> **TASK ITEM**:
What is needed is an exact transcription of the listing, with the images removed.

> **DATA BLOCK**:

**********

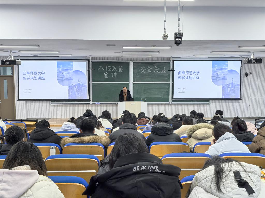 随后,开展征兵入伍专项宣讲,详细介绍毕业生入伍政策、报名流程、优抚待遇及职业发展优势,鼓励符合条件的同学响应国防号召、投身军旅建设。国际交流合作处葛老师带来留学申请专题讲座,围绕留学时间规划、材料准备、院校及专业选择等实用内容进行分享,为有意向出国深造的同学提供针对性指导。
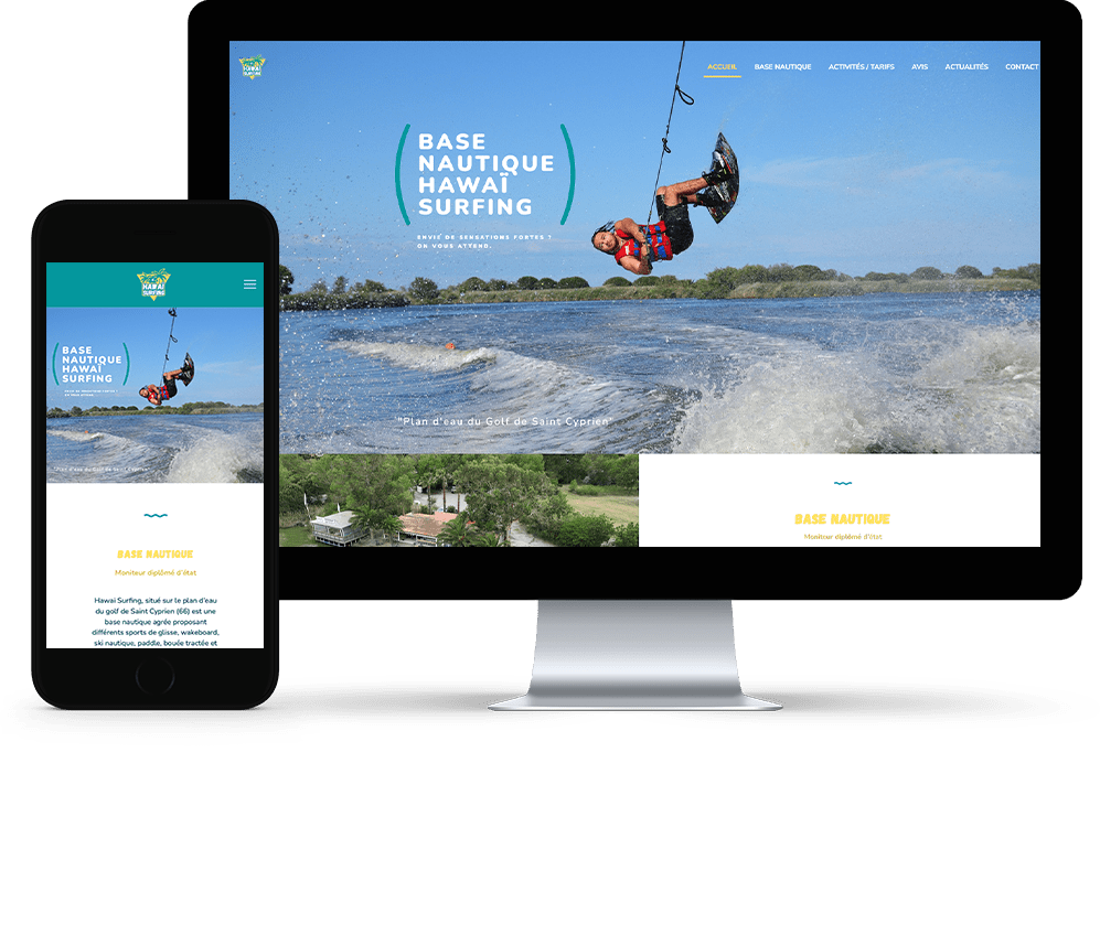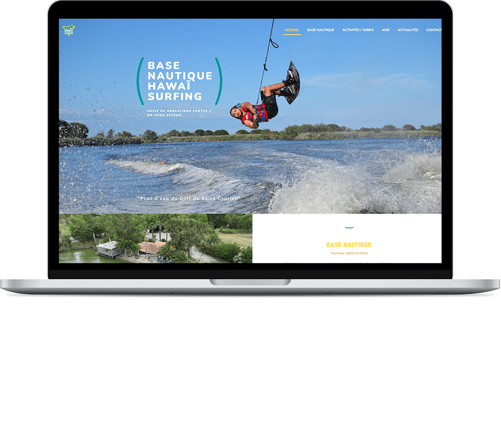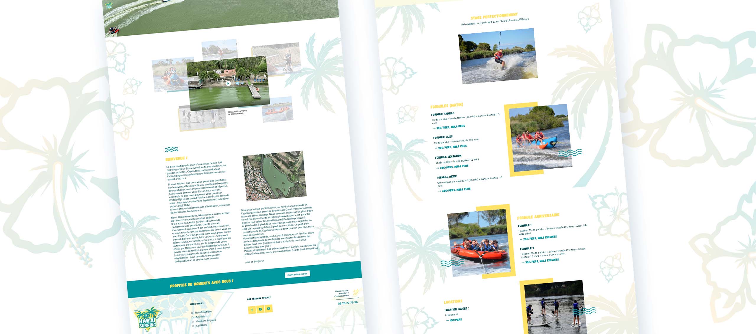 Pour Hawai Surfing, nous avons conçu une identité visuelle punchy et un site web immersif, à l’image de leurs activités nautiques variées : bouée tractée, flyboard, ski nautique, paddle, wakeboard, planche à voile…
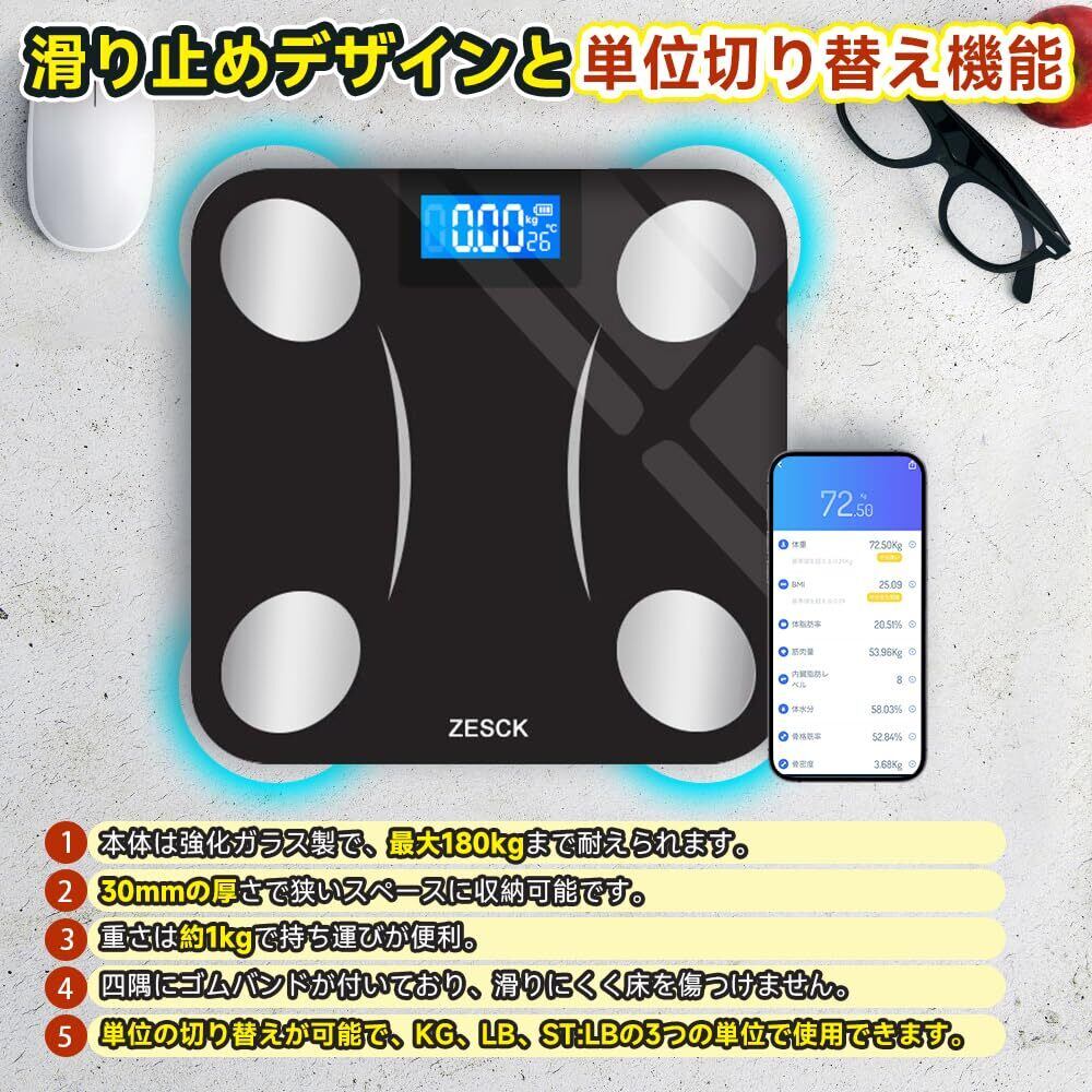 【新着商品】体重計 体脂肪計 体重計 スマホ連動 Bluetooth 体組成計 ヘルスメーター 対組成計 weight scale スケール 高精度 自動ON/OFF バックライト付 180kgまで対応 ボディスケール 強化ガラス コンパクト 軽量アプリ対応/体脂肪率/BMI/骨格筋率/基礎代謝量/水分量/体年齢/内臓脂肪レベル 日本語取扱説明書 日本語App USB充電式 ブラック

**********

> **RESULT OF THIS EXERCISE**:
 随后,开展征兵入伍专项宣讲,详细介绍毕业生入伍政策、报名流程、优抚待遇及职业发展优势,鼓励符合条件的同学响应国防号召、投身军旅建设。国际交流合作处葛老师带来留学申请专题讲座,围绕留学时间规划、材料准备、院校及专业选择等实用内容进行分享,为有意向出国深造的同学提供针对性指导。
 Pour Hawai Surfing, nous avons conçu une identité visuelle punchy et un site web immersif, à l’image de leurs activités nautiques variées : bouée tractée, flyboard, ski nautique, paddle, wakeboard, planche à voile…
 【新着商品】体重計 体脂肪計 体重計 スマホ連動 Bluetooth 体組成計 ヘルスメーター 対組成計 weight scale スケール 高精度 自動ON/OFF バックライト付 180kgまで対応 ボディスケール 強化ガラス コンパクト 軽量アプリ対応/体脂肪率/BMI/骨格筋率/基礎代謝量/水分量/体年齢/内臓脂肪レベル 日本語取扱説明書 日本語App USB充電式 ブラック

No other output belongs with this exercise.